-- Opening Marker --
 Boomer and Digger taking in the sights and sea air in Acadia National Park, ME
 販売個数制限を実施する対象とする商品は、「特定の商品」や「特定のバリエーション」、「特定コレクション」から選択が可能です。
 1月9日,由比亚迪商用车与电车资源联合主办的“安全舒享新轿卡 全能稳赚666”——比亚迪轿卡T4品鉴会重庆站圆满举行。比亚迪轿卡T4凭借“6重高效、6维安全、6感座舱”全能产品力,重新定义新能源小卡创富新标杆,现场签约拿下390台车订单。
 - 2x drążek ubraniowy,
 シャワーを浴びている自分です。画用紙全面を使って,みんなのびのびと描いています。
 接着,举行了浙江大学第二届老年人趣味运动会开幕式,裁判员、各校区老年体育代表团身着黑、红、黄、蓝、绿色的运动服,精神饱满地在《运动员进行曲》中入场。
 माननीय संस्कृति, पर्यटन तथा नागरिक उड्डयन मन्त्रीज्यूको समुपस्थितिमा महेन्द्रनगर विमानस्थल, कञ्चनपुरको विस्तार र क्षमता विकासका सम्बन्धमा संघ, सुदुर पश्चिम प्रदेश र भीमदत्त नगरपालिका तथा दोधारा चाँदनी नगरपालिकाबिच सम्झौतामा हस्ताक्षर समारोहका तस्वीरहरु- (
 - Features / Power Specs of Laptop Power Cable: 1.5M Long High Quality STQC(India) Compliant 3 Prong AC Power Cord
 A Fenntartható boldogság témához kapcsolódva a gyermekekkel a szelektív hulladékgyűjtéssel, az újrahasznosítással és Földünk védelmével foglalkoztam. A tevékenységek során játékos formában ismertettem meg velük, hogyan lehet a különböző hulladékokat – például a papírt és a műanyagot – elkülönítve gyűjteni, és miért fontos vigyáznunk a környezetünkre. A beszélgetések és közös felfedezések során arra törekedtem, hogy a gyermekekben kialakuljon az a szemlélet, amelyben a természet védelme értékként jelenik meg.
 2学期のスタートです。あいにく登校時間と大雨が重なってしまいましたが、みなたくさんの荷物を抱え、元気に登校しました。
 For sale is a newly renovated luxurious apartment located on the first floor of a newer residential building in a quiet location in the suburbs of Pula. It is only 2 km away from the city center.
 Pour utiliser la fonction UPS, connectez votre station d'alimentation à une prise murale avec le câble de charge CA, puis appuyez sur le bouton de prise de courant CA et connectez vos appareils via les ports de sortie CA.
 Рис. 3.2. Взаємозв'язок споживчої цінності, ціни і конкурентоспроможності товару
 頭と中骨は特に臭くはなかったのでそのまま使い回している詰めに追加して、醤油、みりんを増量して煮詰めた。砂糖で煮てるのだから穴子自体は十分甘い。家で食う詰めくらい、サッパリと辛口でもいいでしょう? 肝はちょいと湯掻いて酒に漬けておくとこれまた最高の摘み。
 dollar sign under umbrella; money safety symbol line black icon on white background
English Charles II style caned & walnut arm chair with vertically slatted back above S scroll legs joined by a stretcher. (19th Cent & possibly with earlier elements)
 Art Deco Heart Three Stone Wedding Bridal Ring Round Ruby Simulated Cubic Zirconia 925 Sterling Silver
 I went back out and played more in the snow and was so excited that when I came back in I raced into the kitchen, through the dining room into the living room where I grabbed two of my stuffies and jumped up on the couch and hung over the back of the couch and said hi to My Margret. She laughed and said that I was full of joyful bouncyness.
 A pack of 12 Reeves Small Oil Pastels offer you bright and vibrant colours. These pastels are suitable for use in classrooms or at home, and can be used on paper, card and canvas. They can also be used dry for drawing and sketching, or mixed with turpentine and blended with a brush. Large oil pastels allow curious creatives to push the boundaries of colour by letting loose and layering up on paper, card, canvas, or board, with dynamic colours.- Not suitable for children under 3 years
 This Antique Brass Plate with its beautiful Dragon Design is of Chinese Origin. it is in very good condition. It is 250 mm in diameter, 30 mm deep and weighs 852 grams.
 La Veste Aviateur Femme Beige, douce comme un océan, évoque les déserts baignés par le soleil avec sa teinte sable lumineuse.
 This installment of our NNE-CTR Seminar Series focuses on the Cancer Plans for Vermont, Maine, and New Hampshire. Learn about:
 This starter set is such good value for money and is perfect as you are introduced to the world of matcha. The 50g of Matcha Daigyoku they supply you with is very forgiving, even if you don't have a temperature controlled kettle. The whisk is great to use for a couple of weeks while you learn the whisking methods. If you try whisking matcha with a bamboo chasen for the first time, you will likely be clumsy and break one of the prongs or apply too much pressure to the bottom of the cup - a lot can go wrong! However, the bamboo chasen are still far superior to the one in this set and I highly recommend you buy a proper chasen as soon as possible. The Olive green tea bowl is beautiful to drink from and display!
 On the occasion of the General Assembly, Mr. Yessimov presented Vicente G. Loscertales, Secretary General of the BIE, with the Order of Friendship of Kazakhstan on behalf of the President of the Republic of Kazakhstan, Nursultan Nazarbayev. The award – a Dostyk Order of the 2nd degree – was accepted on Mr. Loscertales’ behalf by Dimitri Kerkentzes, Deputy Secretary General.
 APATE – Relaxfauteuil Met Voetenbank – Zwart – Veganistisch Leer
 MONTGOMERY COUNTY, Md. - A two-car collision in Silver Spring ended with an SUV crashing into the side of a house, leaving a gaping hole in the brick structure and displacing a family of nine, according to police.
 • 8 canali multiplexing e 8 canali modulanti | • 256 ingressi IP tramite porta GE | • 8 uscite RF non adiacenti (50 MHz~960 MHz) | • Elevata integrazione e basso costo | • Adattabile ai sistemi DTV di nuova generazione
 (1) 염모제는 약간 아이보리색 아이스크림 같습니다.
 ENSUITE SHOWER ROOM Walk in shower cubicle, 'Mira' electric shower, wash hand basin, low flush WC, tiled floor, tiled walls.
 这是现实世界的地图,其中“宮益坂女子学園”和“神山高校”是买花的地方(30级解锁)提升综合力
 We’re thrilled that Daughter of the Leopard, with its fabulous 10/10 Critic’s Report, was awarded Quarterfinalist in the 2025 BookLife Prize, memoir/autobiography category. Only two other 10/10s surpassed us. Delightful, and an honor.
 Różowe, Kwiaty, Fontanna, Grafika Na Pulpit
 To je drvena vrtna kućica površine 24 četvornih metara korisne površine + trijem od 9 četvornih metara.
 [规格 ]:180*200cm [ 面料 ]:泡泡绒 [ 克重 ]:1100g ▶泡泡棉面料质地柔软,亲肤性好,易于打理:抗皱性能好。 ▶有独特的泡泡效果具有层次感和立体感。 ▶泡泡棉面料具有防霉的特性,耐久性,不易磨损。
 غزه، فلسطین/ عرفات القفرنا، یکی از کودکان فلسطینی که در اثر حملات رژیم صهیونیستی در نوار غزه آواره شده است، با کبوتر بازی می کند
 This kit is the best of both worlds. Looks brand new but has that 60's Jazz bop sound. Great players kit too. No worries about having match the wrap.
-- Closing Marker --
Lines with "under" in the records above: copy every one of them.

■ Exercise answer:
 dollar sign under umbrella; money safety symbol line black icon on white background
 A pack of 12 Reeves Small Oil Pastels offer you bright and vibrant colours. These pastels are suitable for use in classrooms or at home, and can be used on paper, card and canvas. They can also be used dry for drawing and sketching, or mixed with turpentine and blended with a brush. Large oil pastels allow curious creatives to push the boundaries of colour by letting loose and layering up on paper, card, canvas, or board, with dynamic colours.- Not suitable for children under 3 years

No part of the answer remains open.